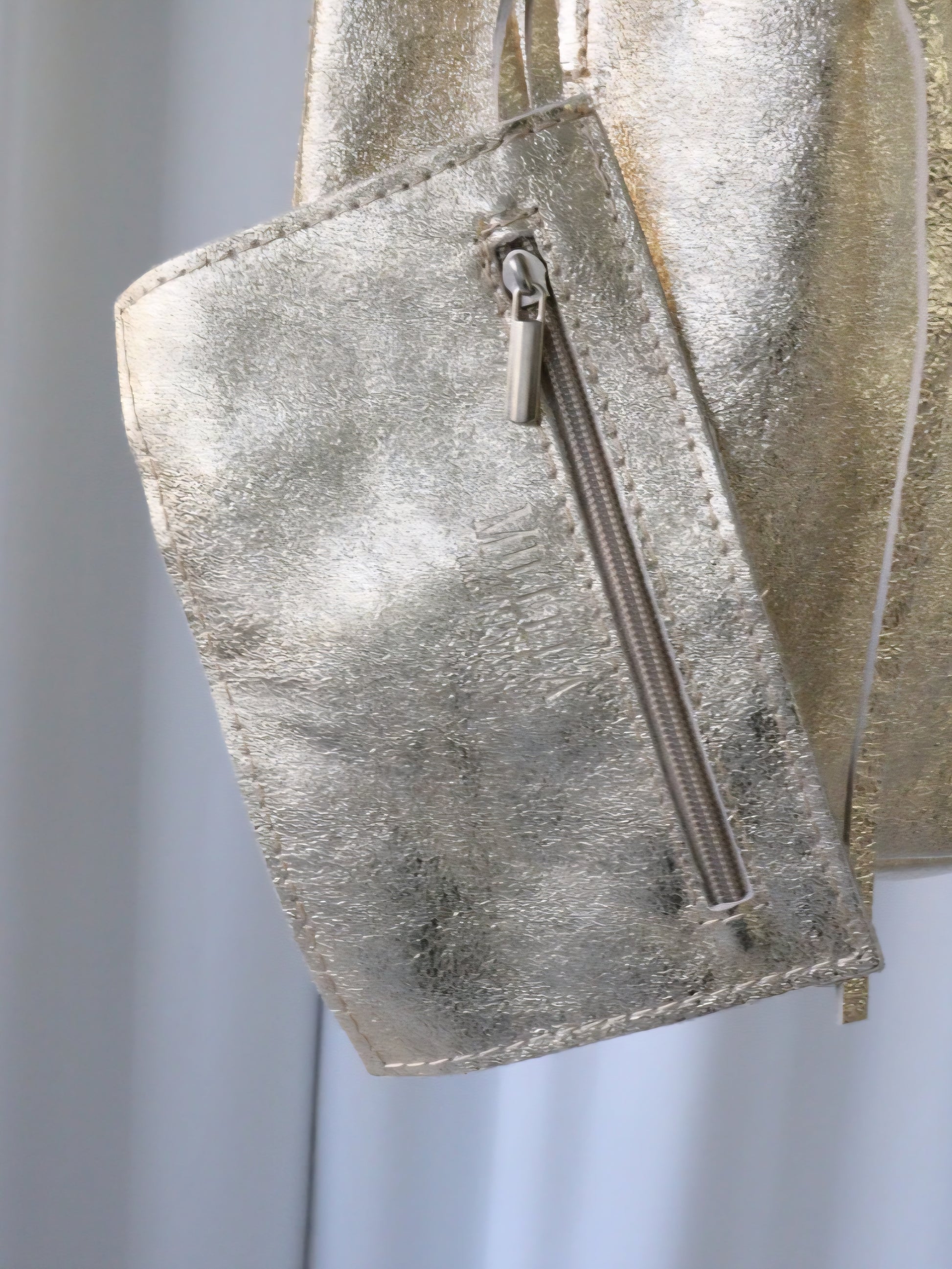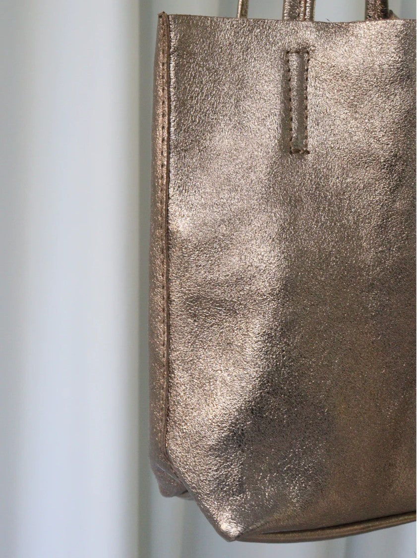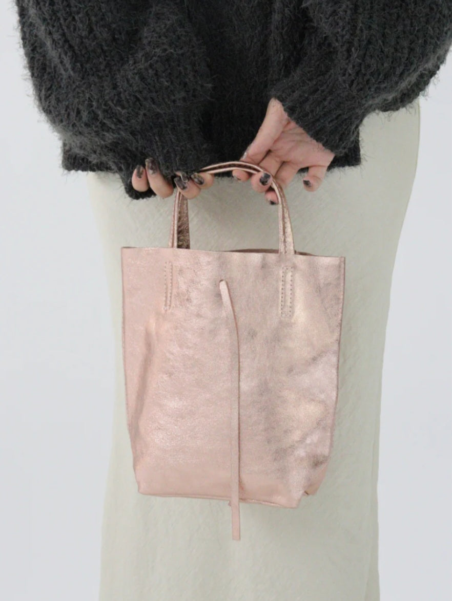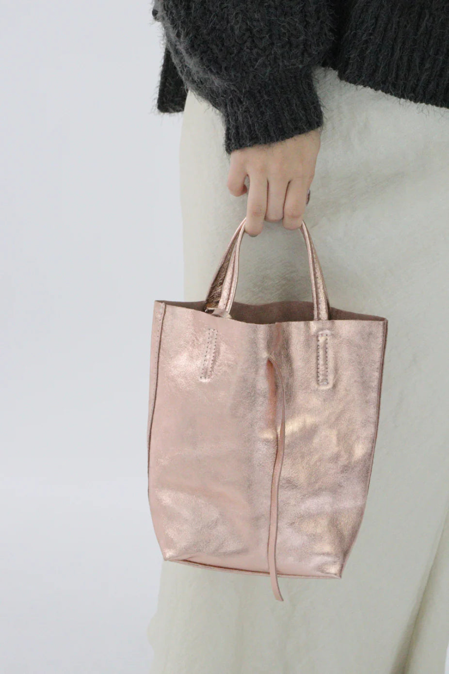 柔らかくリッチな質感のレザーにメタリック加工を施したミニトートバッグ。
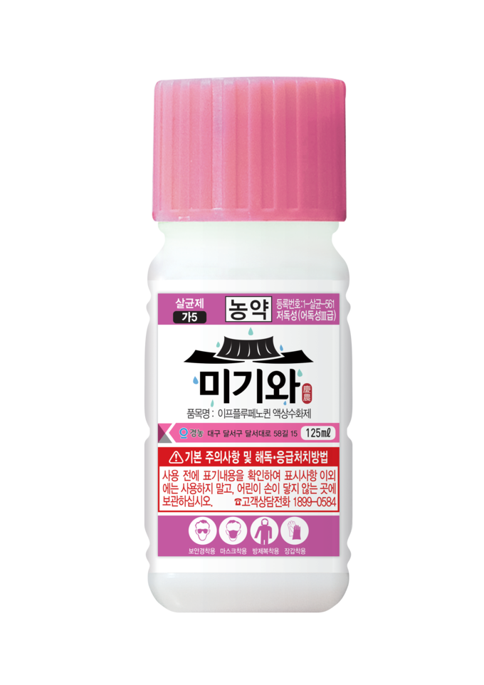 ‘미기와’는 흑성병·잿빛곰팡이병·잿빛무늬병 등에 탁월한 효과를 가진 신규 계통의 살균제다. 동오R&D센터의 시험연구 결과, 미기와 처리 과실은 무처리 대비 병 확산이 95% 이상 억제하는 것으로 나타났다, 이는 현장에서 약효가 실용적으로 입증된 사례다. 또한, 미기와는 병원균의 핵산 합성을 억제하는 독자적인 작용기작(가5)을 갖고 있어 기존 계통의 살균제와 교차저항성이 없어 약제 내성 우려를 줄여준다. 이를 통해 시설 하우스에서 병 발생 초기에 예방적 방제로 사용하거나, 병 발생 이후 치료적 방제에도 유연하게 대응할 수 있다.
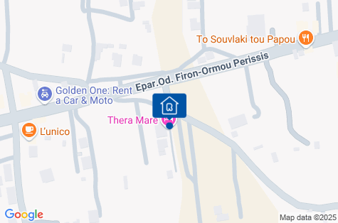 Hotel Thera Mare sa nachádza na známej "Čiernej pláži" v Perivolose, 700 m od mesta Perissa a len 12 km od mesta Fira. V blízkosti hotela sa nachádza niekoľko kaviarní a reštaurácií, v ktorých sa podávajú miestne špeciality. Transfer z letiska trvá približne 30 minút.
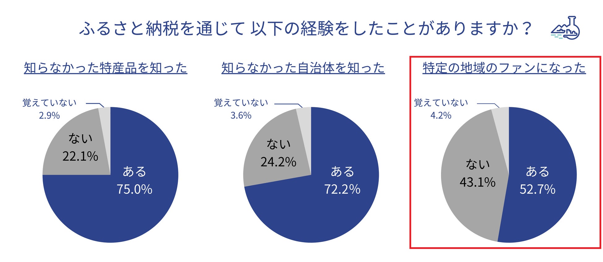 | 「ふるさと納税をきっかけに特定の地域のファンになった」人は52.7%で、前回調査※より11.8ポイント増えた。 ※出典:トラストバンク地域創生ラボ「ふるさと納税体験に関する調査 2023」2023年7月実施 https://www.trustbank.co.jp/newsroom/newsrelease/press651/ |
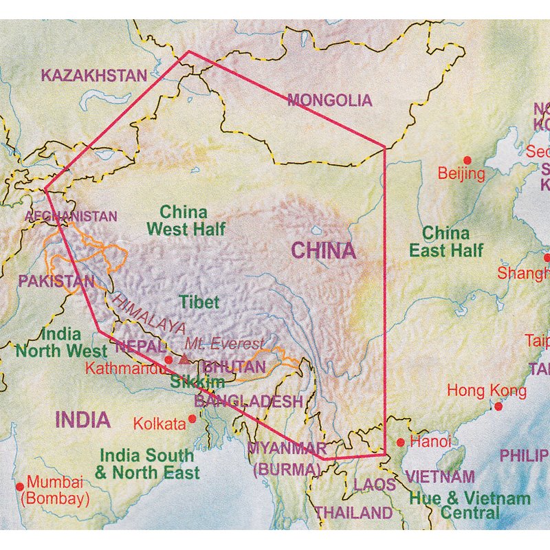 Description by ITMB: China is a fascinating country. Most visitors limit themselves to the eastern portion - Beijing, Shanghai, Xian etc. The vast western half of this great country contains such exotic cities as Kinming in the south, Lhasa in Tibet, and the fabled Silk Road cities of Kashi, Aksu, and Urumpl, as well as the enormous Taklimakan Desert and the high, isolated, Tibetan Plateau. Never has this part of China been better mapped, with all new highway projects prominently noted as well as the new train line into Lhasa; one of the great engineering projects of our times. Printed on paper, double sided.
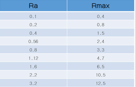 Ra、Rmax的具體關(guān)系還請(qǐng)參考下面的表格:
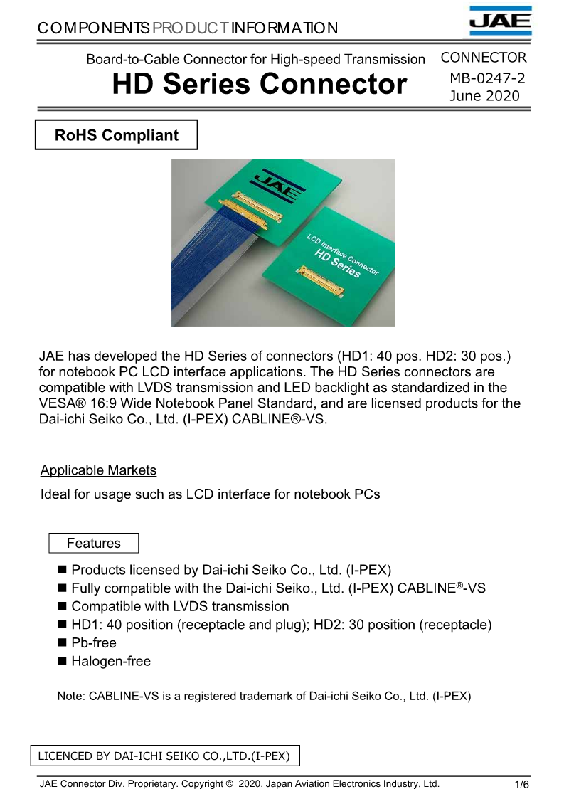 系列:HD Series Board-to-Cable Connector for High-speed Transmission
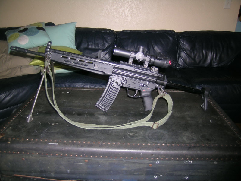Fusil G3 con un culata Magpul ajustable, Schmidt & Bender 1,5-6x42 , FAB guardamano RIS, bípode Harris y un supresor de BR Reflex.
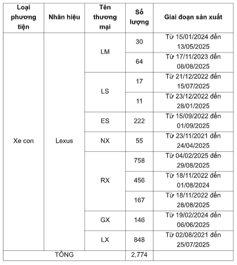 Chương trình sẽ được Lexus Việt Nam thực hiện chính thức từ ngày 30/12/2025 tại tất cả các Đại lý Lexus và Đại lý Toyota trên toàn quốc. Danh sách và số lượng xe tại Việt Nam bị ảnh hưởng cụ thể như sau:
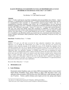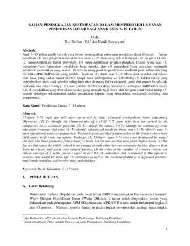 Berlian, Nur and Suwaryani, Nanik Kajian peningkatan kesempatan dalam memperoleh layanan pendidikan dasar bagi anak usia 7-15 tahun. Kajian Peningkatan Kesempatan Dalam Memperoleh Layanan Pendidikan Dasar Bagi Anak Usia 7-15 Tahun. pp. 1-16.
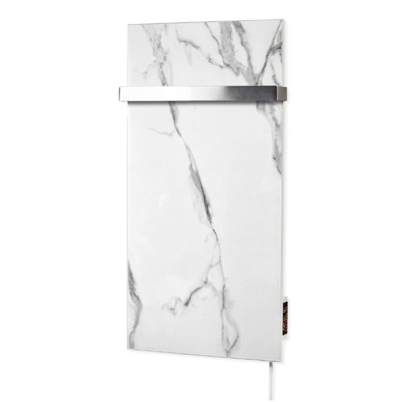 Характеристики товара Полотенцесушитель электрический FLYME 400 Вт 800x400 дизайнерский, белый камень
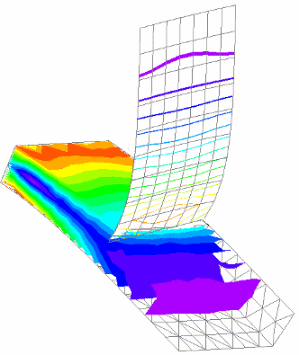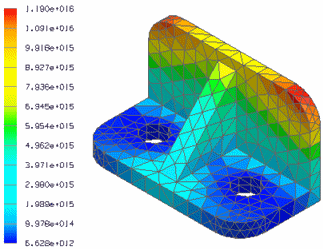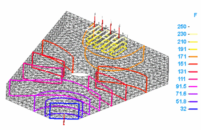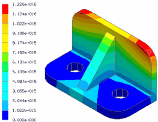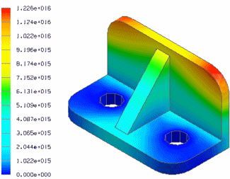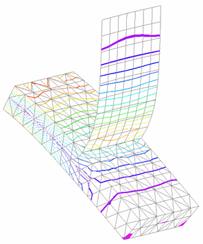 等值线 - 在您选择“等值云图”命令时,系统默认显示等值线。等值线有助于理解模型曲面上结果值的分布。您可以在实体模型上显示等值线,也可以在具有由曲面网格进行网格划分的板的模型上显示等值线。
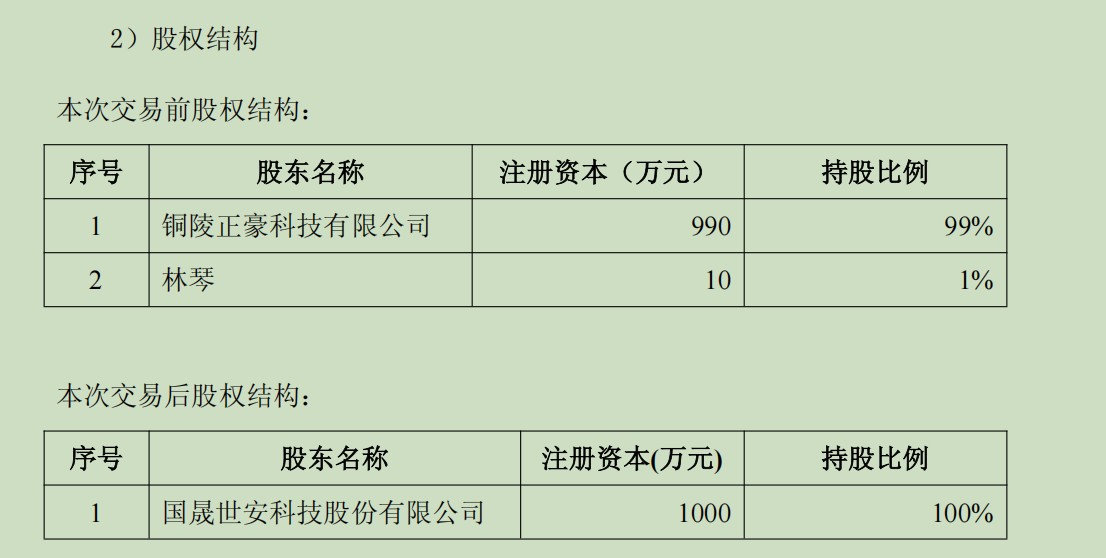 公告显示,国晟科技拟与铜陵正豪科技有限公司(下称“正豪科技”)及自然人林琴签署协议,以2.41亿元受让二者持有的孚悦科技100%股权。交易完成后,孚悦科技将成为国晟科技的全资子公司,并纳入合并报表范围。

◇ ◇ ◇ ◇

Work to be completed
Could you write out exactly the lines running from the one with "Характеристики товара Полотенцесушитель" through the last line of the data above, both ends kept, and omit any picture?

Reply
 Характеристики товара Полотенцесушитель электрический FLYME 400 Вт 800x400 дизайнерский, белый камень
 等值线 - 在您选择“等值云图”命令时,系统默认显示等值线。等值线有助于理解模型曲面上结果值的分布。您可以在实体模型上显示等值线,也可以在具有由曲面网格进行网格划分的板的模型上显示等值线。
 公告显示,国晟科技拟与铜陵正豪科技有限公司(下称“正豪科技”)及自然人林琴签署协议,以2.41亿元受让二者持有的孚悦科技100%股权。交易完成后,孚悦科技将成为国晟科技的全资子公司,并纳入合并报表范围。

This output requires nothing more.